Folkertsma ‘obfuscates,’ fails to make case against progressives

0
22

The title was “Progressives Destroy Constitution” and the author, a Dr. Marvin Folkertsma from some place called “The Center for Vision and Values” where Cal now apparently turns when he’s looking for an answer but not a reason.

Most noticeable in Dr. Folkertsma’s endless chain of quotations was the absence of any quotation from even one of the 55 men who attended the Constitutional Convention. Also noticeably missing was any evidence to support the title which in his defense, may or may not have been the author’s.

Dr. Folkertsma’s theme is that human rights are immutable and entitlements are not and he might have had a case if he’d just stuck to the theme. He lost me, and control of his argument when he asserted the connection between the two in the minds of “progressives.”

First of all there exists no monolithic progressive ideology except perhaps the unspoken recognition that governance cannot be separated from the human condition. Secondly I do not believe the concept of healthcare as a human right was central to the Democrats’ passing the healthcare bill.

He does state: “The foundation of the republic so revered by most citizens is considered by modern progressives as an outmoded formulation created by individuals whose views are only of antiquarian interest today.”

And he follows this nefarious accusation with a sweeping series of disparate and disconnected would-be aphorisms with famous names (who were not founders) thrown in for good measure.

Dr. Folkertsma provides no evidence that modern progressives take this view of the Constitution, preferring instead to launch his series of unproven assertions, figuratively throwing mud at the wall and knowing much will stick.

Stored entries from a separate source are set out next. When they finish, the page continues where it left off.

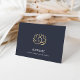 Des notes de remerciement chic ou des cartes pour notes présentent un riche arrière - plan bleu marine orné d'une illustration de fleur de lotus en fausse feuille d'or. Personnalisez avec votre texte personnalisé sous la forme de lettres blanches classiques. Montré avec "namaste" et une deuxième ligne sous pour votre nom, nom commercial ou message personnalisé. Videz à l'intérieur pour votre message manuscrit ; ou ajoutez un message préimprimé personnalisé de votre choix.
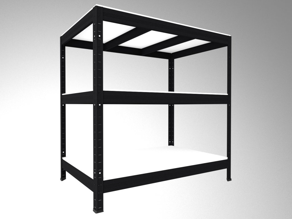 Bezšroubový regál Biedrax 35 x 120 x 120 cm, černý, 3 police bílé lamino 12mm, nosnost 200 kg na polici
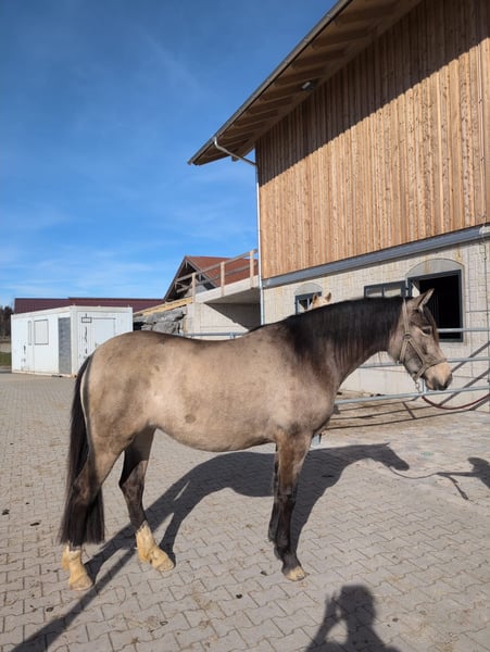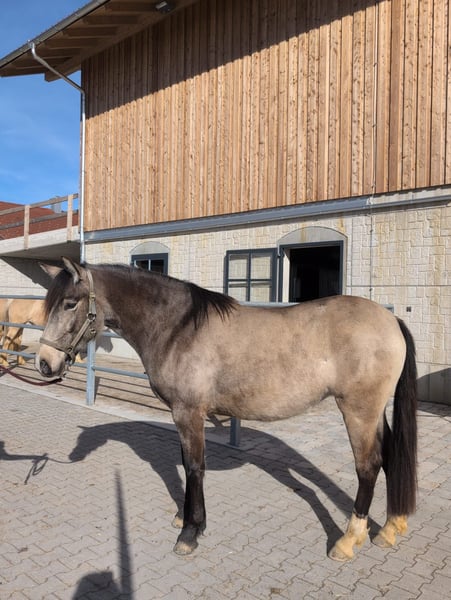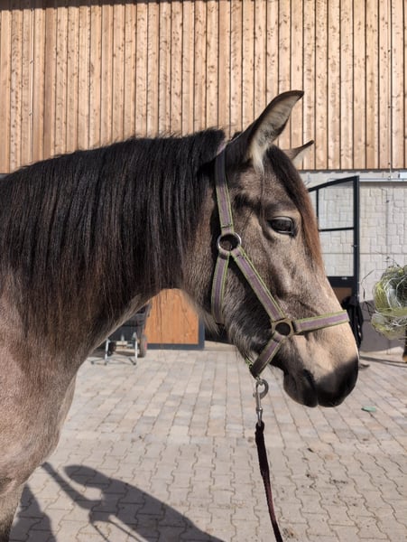 Zum Verkauf steht eine bildschöne Leonharderstute der F3-Generation mit 75% PRE Anteil. Geboren im Jahr 2023, besticht sie durch ihre charmante Erscheinung und ihr freundliches Wesen. Mit ihrem eleganten Buckskin-Farbschlag und einem aktuellen Stockmaß von 156 cm ist sie sowohl optisch als auch vom Charakter her eine ideale Begleiterin für den Freizeitbereich. Violetta wächst artgerecht im Herdenverband auf und kennt Tierarzt sowie Hufschmied. Sie liebt es geputzt und gekrault zu werden. Diese junge Stute ist sehr neugierig aber noch etwas unsicher, weshalb sie eine Bezugsperson braucht die ihr Vertrauen und Sicherheit schenkt. Wenn sie diesen Menschen findet geht sie durch dick und dünn. Violetta ist noch roh, wird aber regelmäßig laufen gelassen. Der Leonharder ist bekannt für seine robuste Konstitution, seine vielseitigen Einsatzmöglichkeiten und sein freundliches Wesen. Mit ihrer charmanten Ausstrahlung und ihrem angenehmen Charakter ist diese Stute eine echte Bereicherung für jeden Freizeitreiter. Bei Interesse oder weiteren Fragen stehen wir Ihnen gerne zur Verfügung. Vereinbaren Sie einen Termin, um diese wunderbare Leonharder-Stute persönlich kennenzulernen!

Here is the real problem with the discussion today, and I believe this article illustrative. The American right wing is out of power and they really don’t like it. Their purpose foremost is to regain that power by any measure they can.

They do not seem to care about making governance better. They do not seem to care about the truth. They don’t even seem to care about their own philosophies in formulating a plan for the future.

Their arguments are not intellectual analyses in pursuit of a better country and their actions seem to constitute political delay.

They are held captive by draft-dodging drug addicts like Rush Limbaugh and petty pansies like Glen Beck. Most annoying, they held the presidency and the Congress from 2002 through 2006. During that time they started a needless war in Iraq and drove the deficit to the moon, never once seriously suggesting reductions in the two large entitlement programs (Social Security and Medicaid) which will need to be addressed if we are to move forward on the budget.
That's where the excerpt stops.